A new PCORI initiative—our Evidence Synthesis Initiative—will take that approach, which our authorizing law calls on us to pursue. The program will include rigorous reviews of the best evidence available on topics of critical concern to patients and other healthcare stakeholders. The goal is to synthesize all relevant completed studies on a particular clinical question in order to provide evidence that is stronger and more certain than the results of each individual study. Under this initiative, we will also fund projects that reanalyze data from already-completed studies to discover which specific groups of patients gain the most or least benefit, or, conversely, are at greater risk for harms from an intervention.

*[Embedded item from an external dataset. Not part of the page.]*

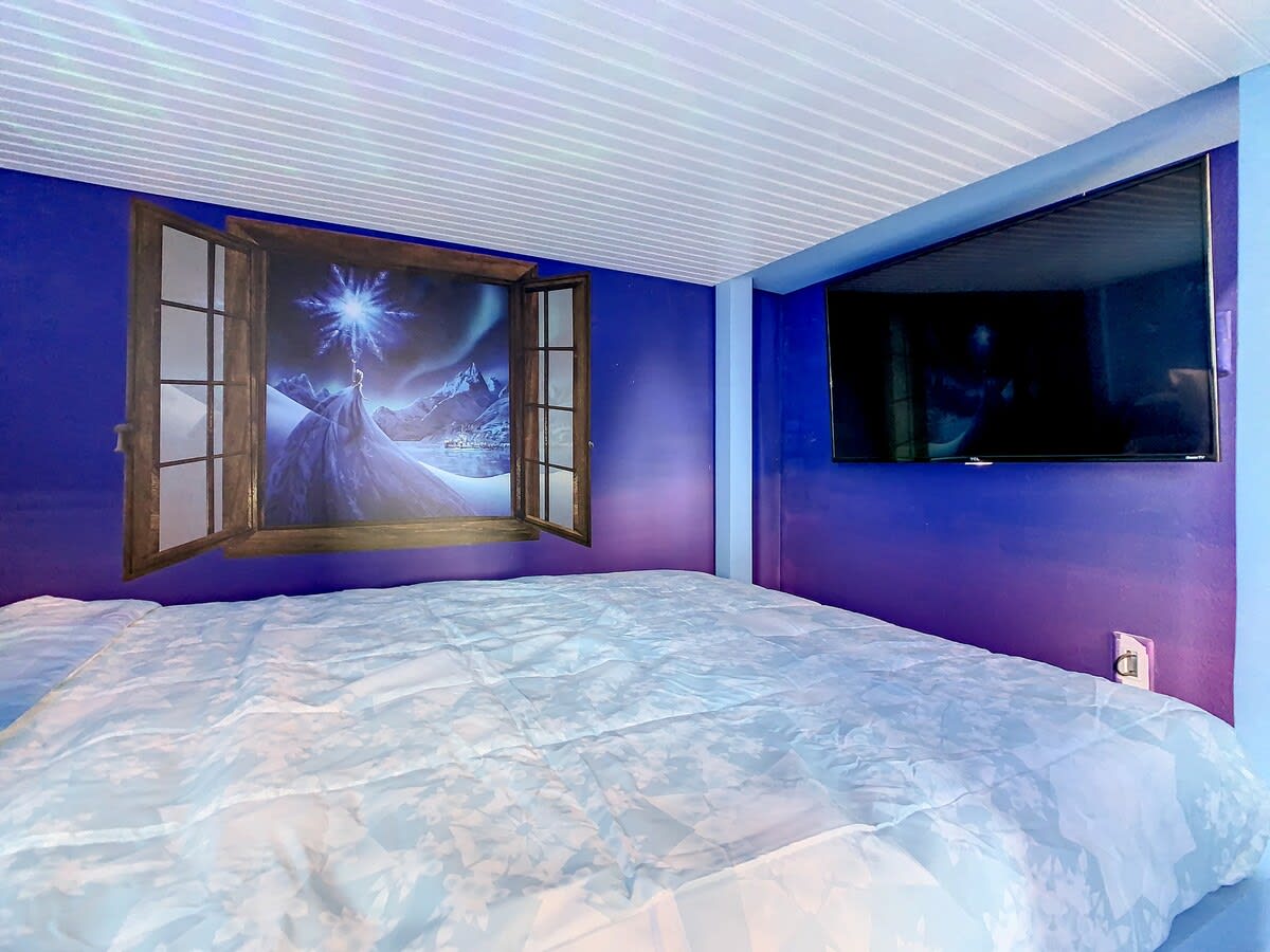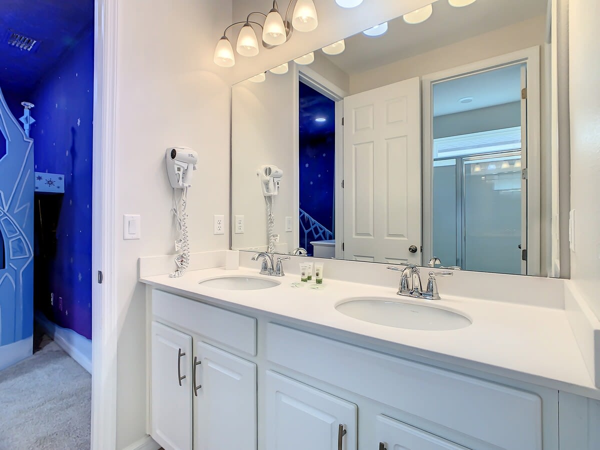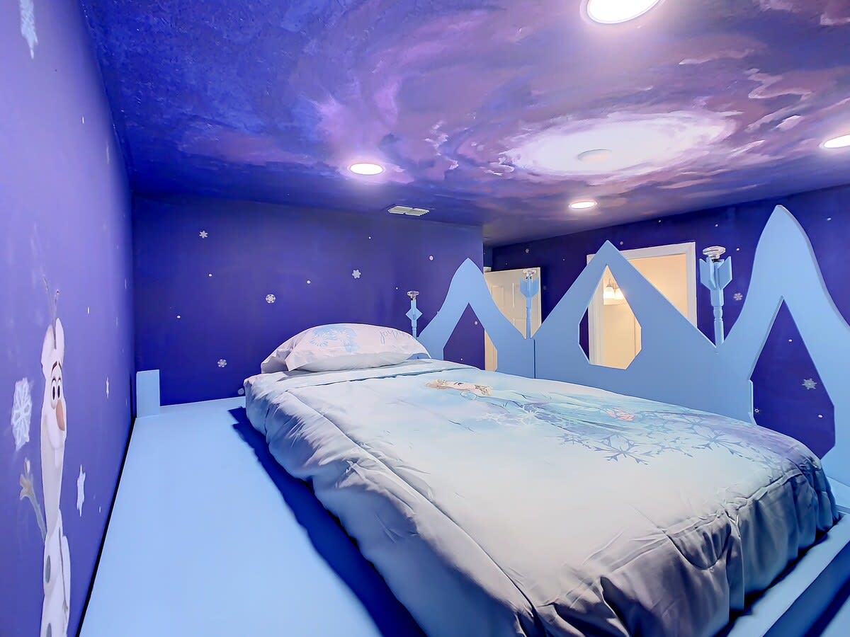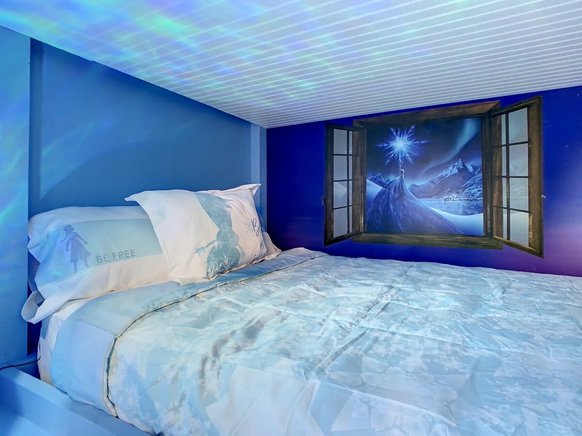 This amazing 6 bedroom luxury home is located inside the Solara Resort. We’ve created the perfect space to live the Disney dream! We brought Frozen to life, this amazing room has a twin bed over a full bed, it is a MAGIC bedroom for kids. You can also take a trip to Hogwarts from our express platform 9 3/4. There is no age limit to enjoy our Harry Potter-themed room.

And once we have synthesized the evidence, we will disseminate it through products designed to meet the needs of our various stakeholders.
This initiative is the latest that we at PCORI have undertaken as part of our mission to make authoritative, relevant, useful information from comparative clinical effectiveness research (CER) available to help patients and those who care for them make better-informed healthcare decisions. It complements the hundreds of patient-centered research studies we’ve funded comparing how well different care options work, and for whom, given patients’ needs, circumstances, and preferences.
Meta-analysis of Lupus Treatment Options
If not treated early with strong medications, kidney disease caused by lupus can lead to kidney failure and the need for dialysis. Through a meta-analysis of 65 previously conducted studies, a PCORI-funded project has determined that immunosuppressive drugs (e.g., cyclophosphamide) are better than corticosteroids for treating kidney inflammation in patients with lupus. This meta-analysis finding can inform discussions between patients and physicians about medication use. The project team is now testing a decision aid that it developed incorporating the meta-analysis findings.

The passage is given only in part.